New malware is hard to spot

This approach worked quite well at blocking malicious files that were sent out to millions of people (so long as you weren’t patient zero…), but over time malware writers have gotten smarter, attacks are now more targeted, malware is more sophisticated and harder to trace. Security vendors have added increasing amounts of intelligence to attempt to combat techniques used by attackers to obfuscate their malware, but they still remain on the back foot in a constant game of cat and mouse.

How has virtualization helped?

Once we got over some initial headaches caused by virtualization (such as the dreaded ‘AV Storm’) virtualization has helped improve performance.


Security vendors introduced a new deployment model: rather than installing a full-fledged anti-malware tool in each VM, users would install something much smaller. This smaller agent could then offload scanning to a network appliance.

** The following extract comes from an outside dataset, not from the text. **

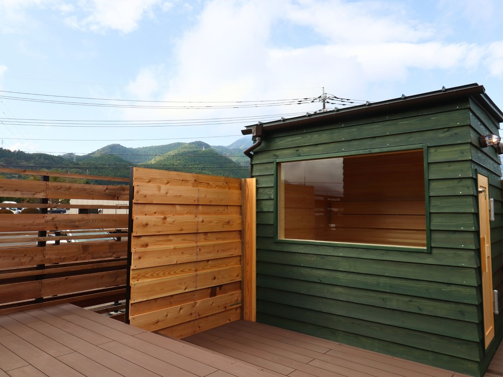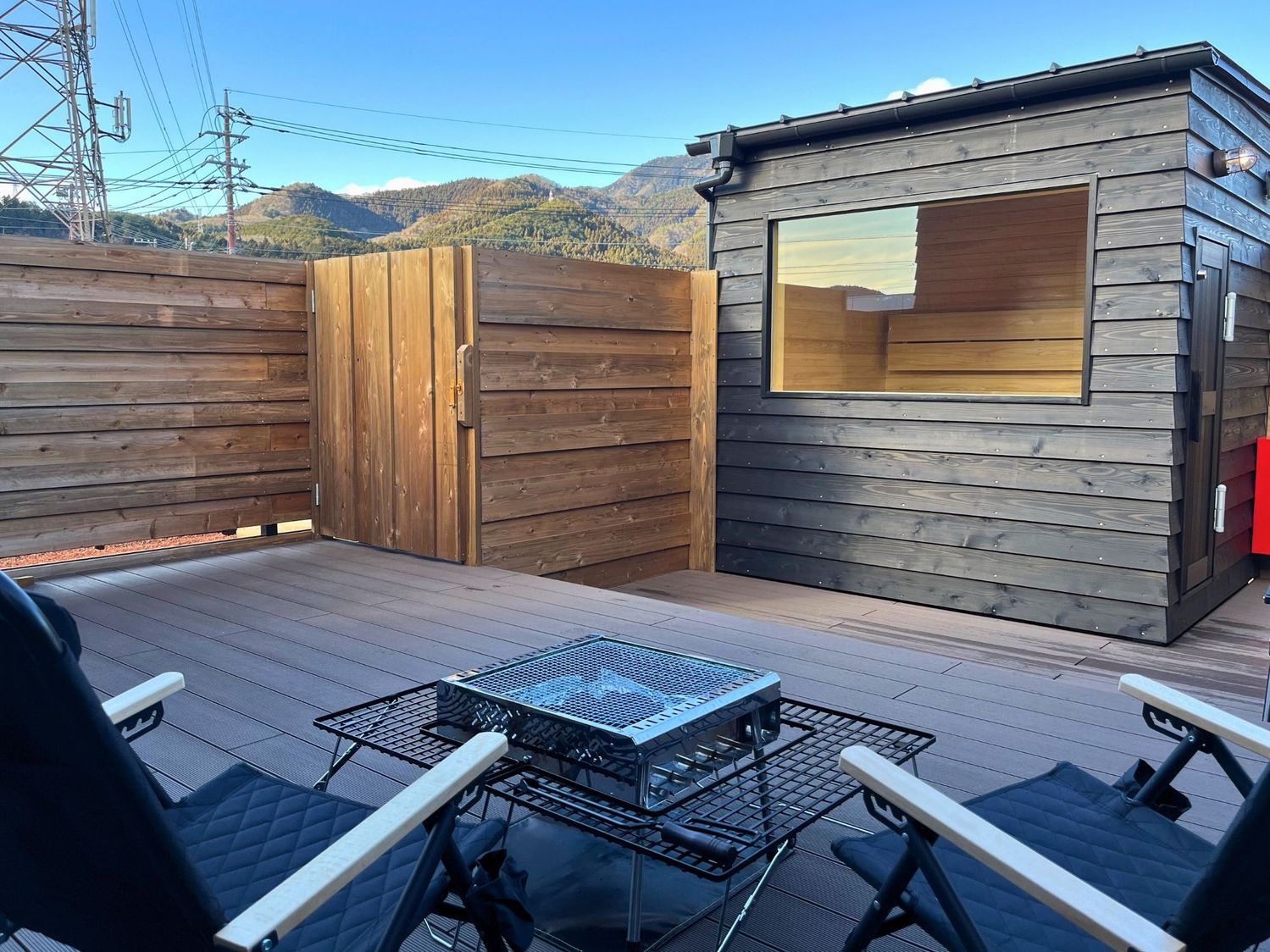 サウナでしっかり温まったあとは、澄んだ空気の那須の森が外気浴の舞台。

Some hypervisors then introduced their own APIs that communicated with a kernel module shipped with their guest tools. These APIs allowed security vendors to provide agentless integration, making use of the hypervisor’s kernel module rather than building and maintaining their own.

Both of these approaches meant that the security software were able to understand which blocks were shared between the VMs and therefore carry out some performance optimisations (e.g. not having to re-scan blocks shared with other VM images).

But while disk scanning performance was dramatically improved, the approach of attempting to find malware on disk remained the same. The approach also still relied on security software running inside the VM which is a target for attackers.

What are the problems with the traditional approach?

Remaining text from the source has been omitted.